Back then, before Strava, I conceived of something called Stravanfreude, the vicarious delight in someone else's Strava misfortune: the KOM lost to a savage tailwind? Stravanfreude. Forgetting to switch your GPS on before setting off? Stravanfreude. Snapping your cranks on the Grindleford Goat? Actually that's something different again, let's call it Campagnogo...

But the thing is, I was wrong about Strava. Actually I was part wrong. I still think people who target particular segments rather than just riding are a little sad. And don't get me started on riding road bikes off road in search of KOMs. And letting a segment ruin a perfectly good ride just seems slightly tragic.

The Bonette - faithfully logged and shared.

But there are great things about it too: being able to watch what distant mates are doing in the benighted south for example. Or trailing around Aberdeen. Or, and this is how it started, where your girlfriend is riding as she meanders around the Alps in a camper van. Those things are brilliant.

As are some of the totally artificial challenges. Not because they are always particularly challenging - if you live in the Peak, for example, the climbing ones tend to be a little meh - but because on those special grim northern winter days, they're sometimes the tiny weight that tips the balance.

Which means, sometimes, unexpectedly brilliant or just plain daft rides, like a Festive 500 inspired crossing of Cut Gate in fresh snow last December, which had nothing much to do with riding, but everything to do with just being outside.

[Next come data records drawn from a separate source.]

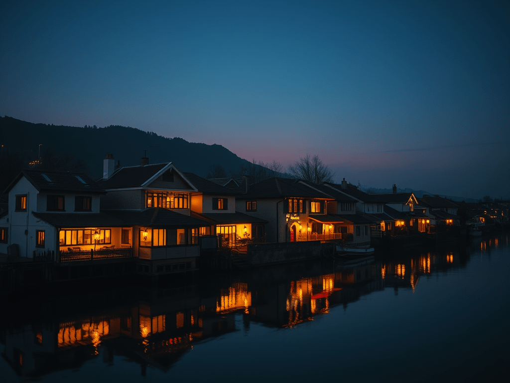 The poem encourages embracing life’s paradoxes, highlighting the interplay of light and darkness and the fleeting moments that reveal deeper truths, similar to how glowing houses reflect on water and blend into the night sky.
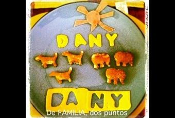 Las letras son de queso y los animales de pan cakes. El sol es de jamón de pavo.
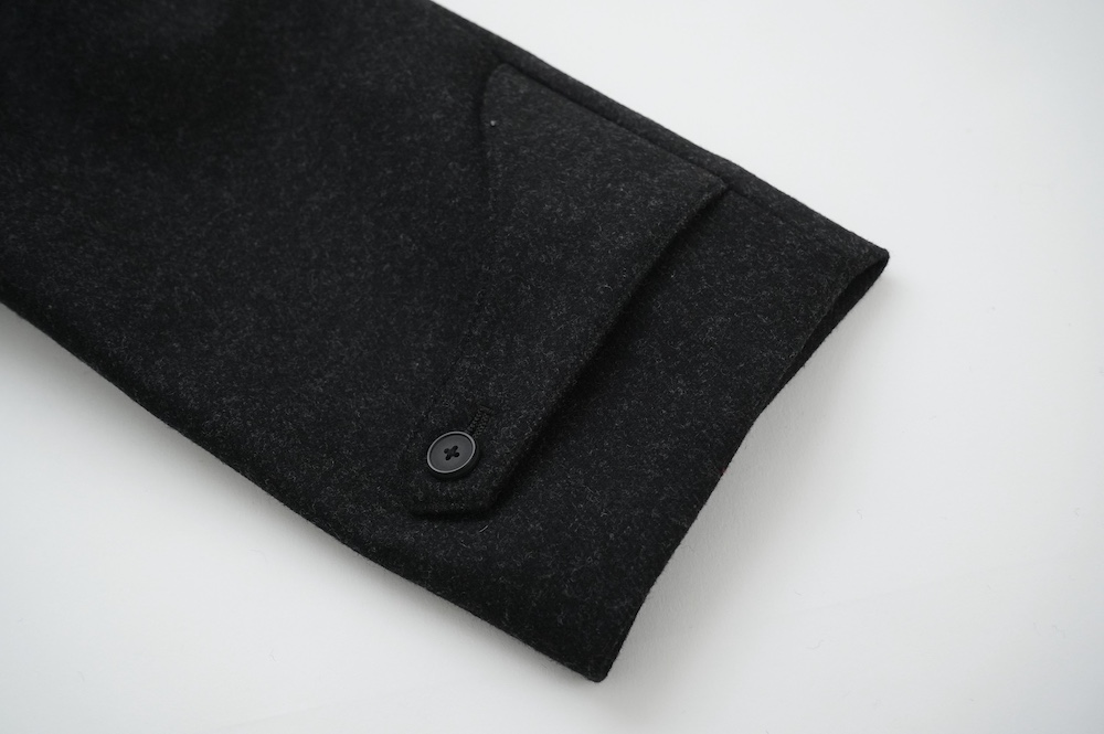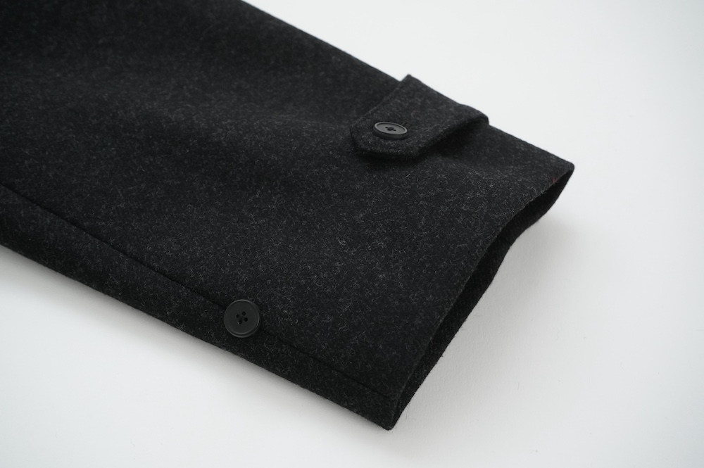 、襟を立てて留めれば防風性もアップ。袖口もタブがついているのでキュッと締めてこちらもが防風性アップ。防寒とともに見た目の印象の変化を楽しめます。カジュアルにも綺麗めなスタイルにも使える万能なコートです。

Strava weaponry - cross bikes are quick as off road. Which just underlines the nonsense of the whole thing...
And oddly I like the kudos thing. Real kudos that is, not the knee-jerk stuff. It's just kind of sweet when one of your mates notices you've done something half decent. It's like a little wave from a distant hill. Not essential, but sort of entertaining.

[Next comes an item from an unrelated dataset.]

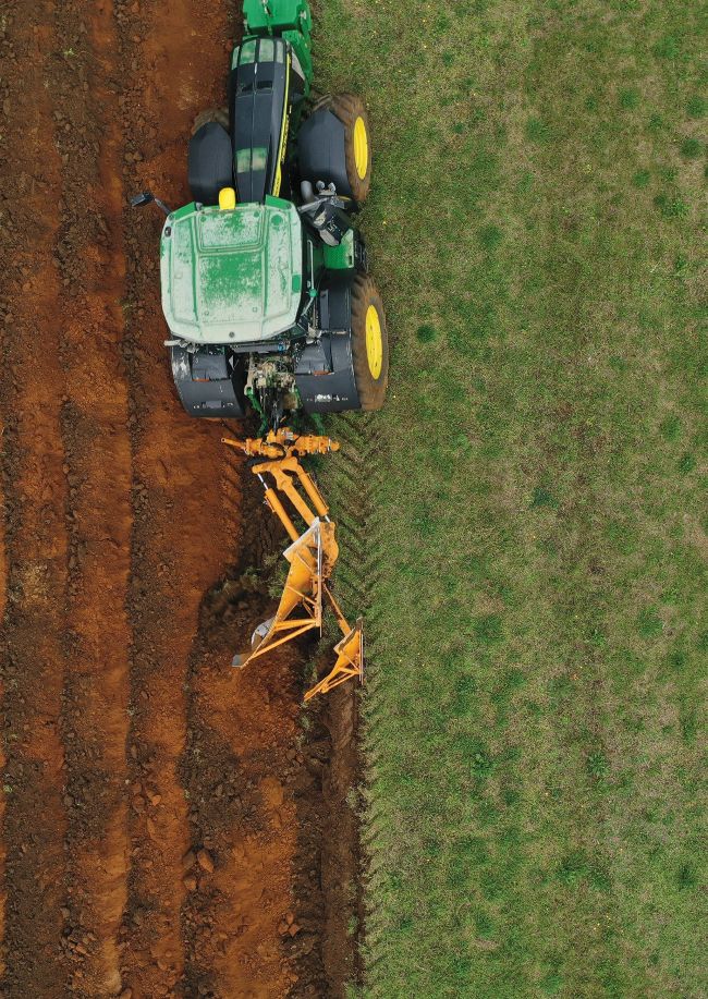 With a working depth of up to 80–110cm, the MORO MVP28A can invert even deep topsoil or humic layers on ground where conventional machinery simply can’t penetrate. This capability makes it an invaluable tool for large-scale BNG schemes as well as land restoration, rewilding, and environmental management projects. Coupled to a big John Deere 8R, it makes for an impressive sight and delivers impressive results.
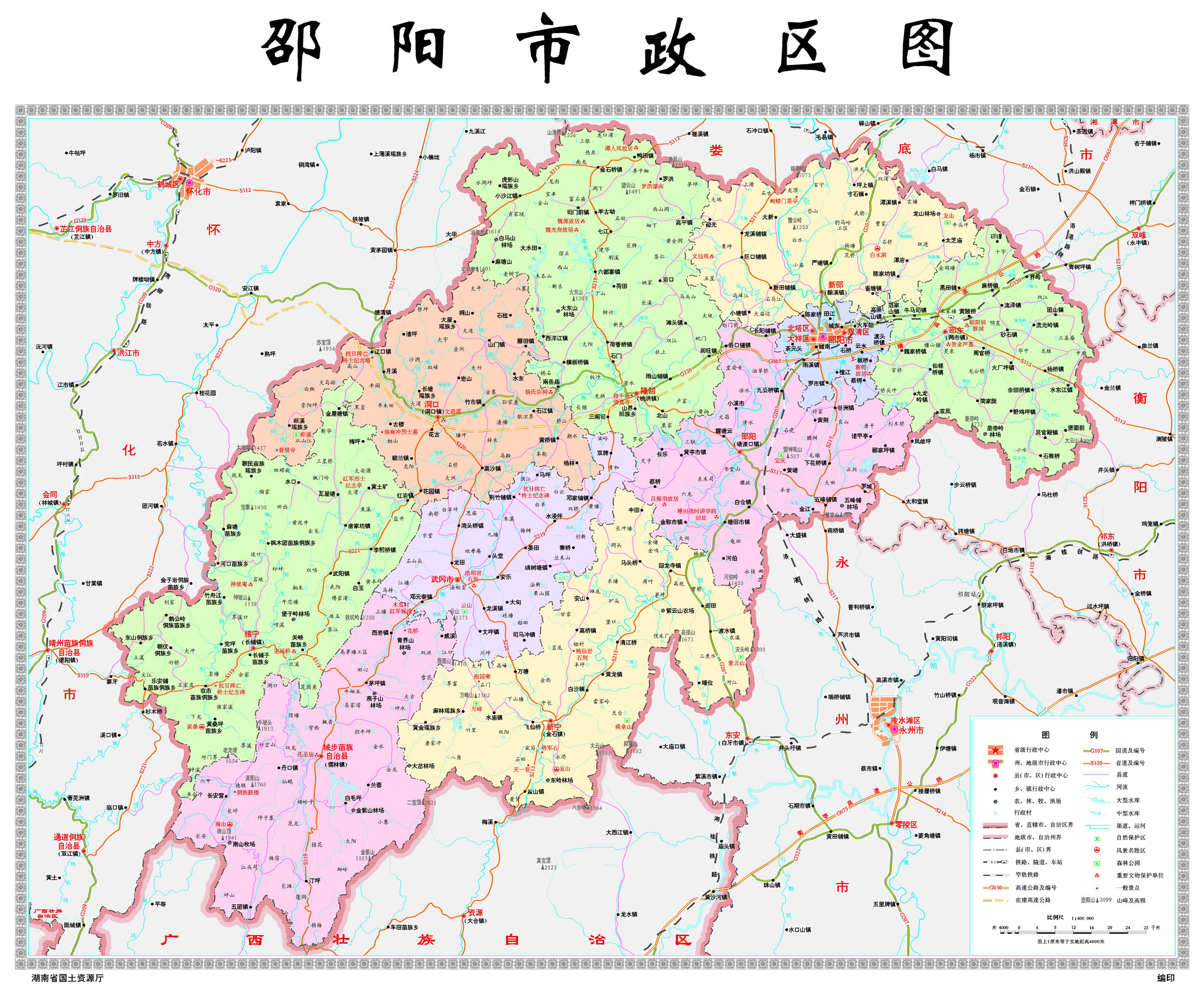 邵陽市轄3個(gè)區(qū)、6個(gè)縣、1個(gè)自治縣,代管2個(gè)縣級(jí)市;

I'm not that fussed about KOMs, but when I do get the occasional top ten place, usually by mistake, it does make me smile.

Ahem that'd be the end of Flow Field Switch Bitch on a quasi-commute then.
Ultimately, Strava I suppose, like a lot of things, is moulded by the user. It's what you want it to be. A training tool. A social thing. A personal challenge. A spur to getting out there. Or maybe just a source of gentle curiosity.

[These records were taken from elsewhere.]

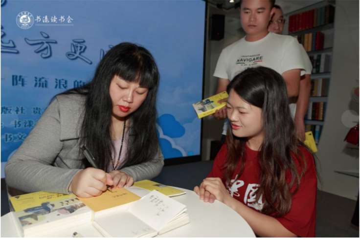 9月24日下午3时,书漾读书会在贵阳市南明区图书馆举办作家孙瑜的新书《等候一阵流浪的风》品读会,孙瑜到场与读者交流。
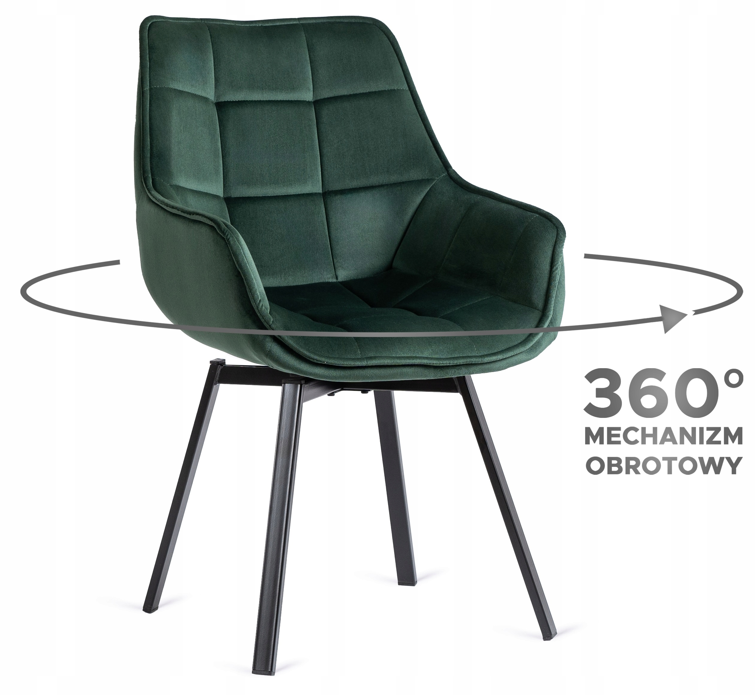 Krzesło Tapicerowane Do Jadalni Kuchni Salonu Obrotowe 360 Zielone LUNA ⭐⭐⭐⭐⭐
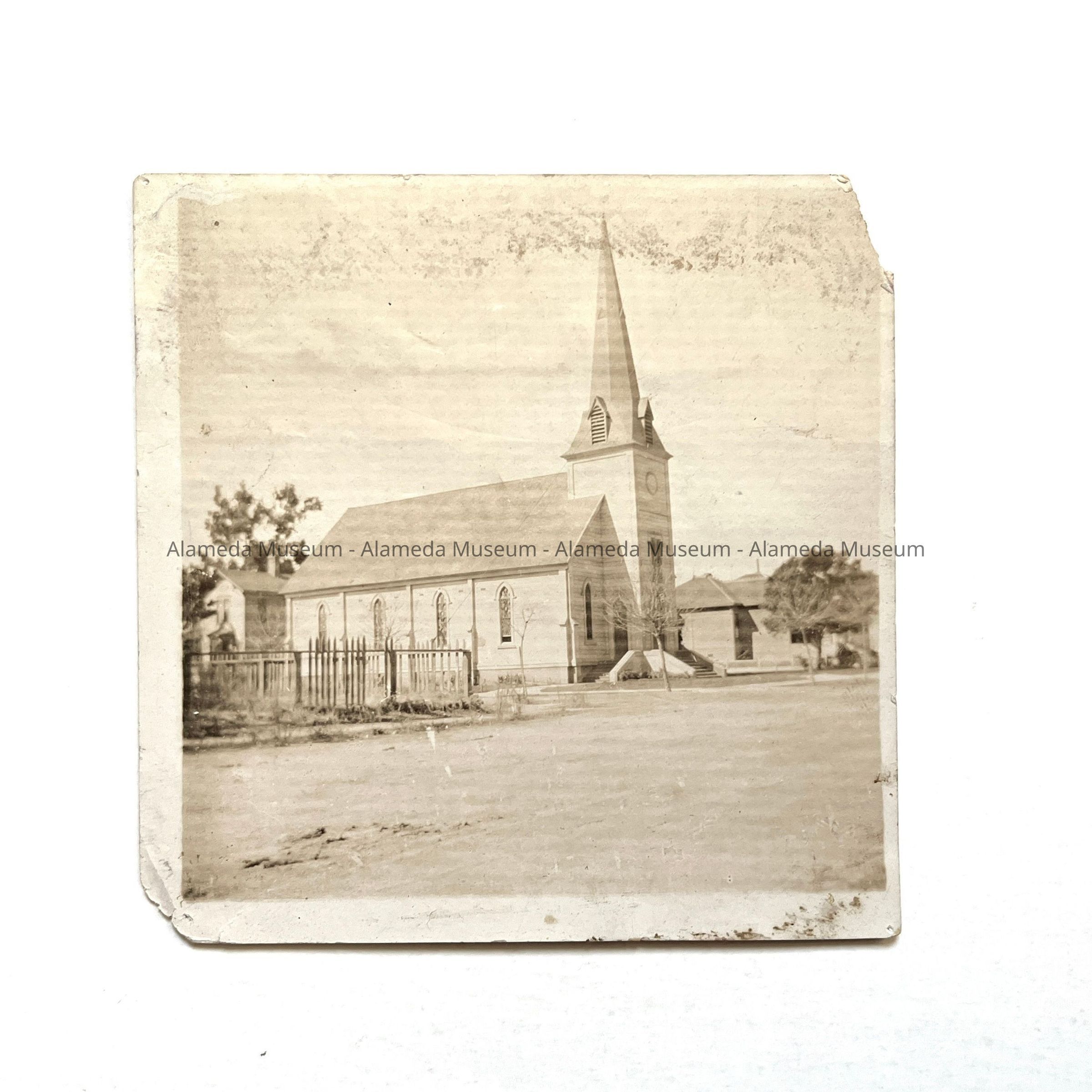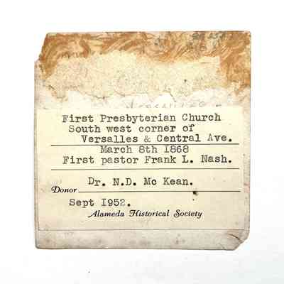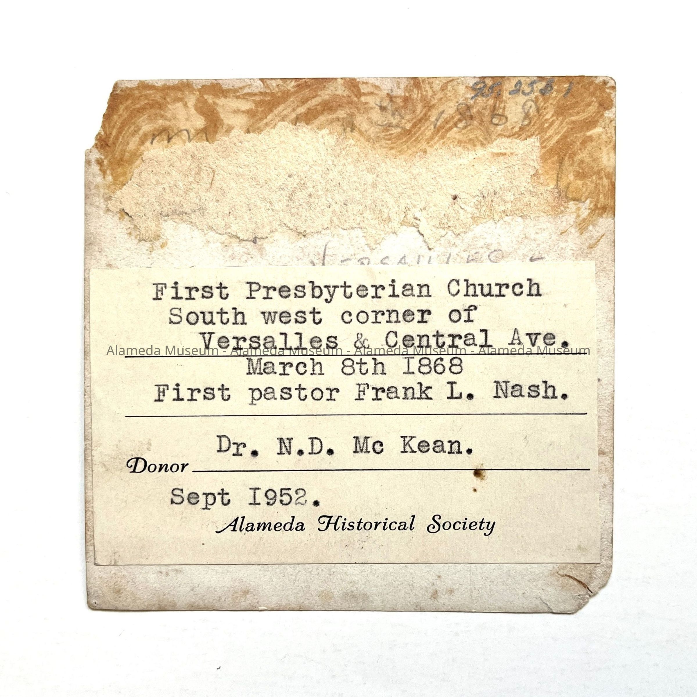 History of Object: View of the 1st Presbyterian Church when located at the S.W. corner of Versailles and Central Aves. This congregation was established on March 8, 1868; the first pastor was the Rev. Frank L. Nash (per info. on verso).

So there you go. Not under my own name though. Either of them.

Sunday, 26 October 2014

Improving Life For Local People

I was amused to see that Derbyshire County Council's latest corporate vehicle slogan reads 'Improving life for local people'.


As a 'local person' that gives me a nice warm feeling inside, except that DCC's idea of improving my life appears to include flattening some of my favourite local trails and covering them with gravel. At my expense as a tax payer, obviously. Aren't county councils brilliant.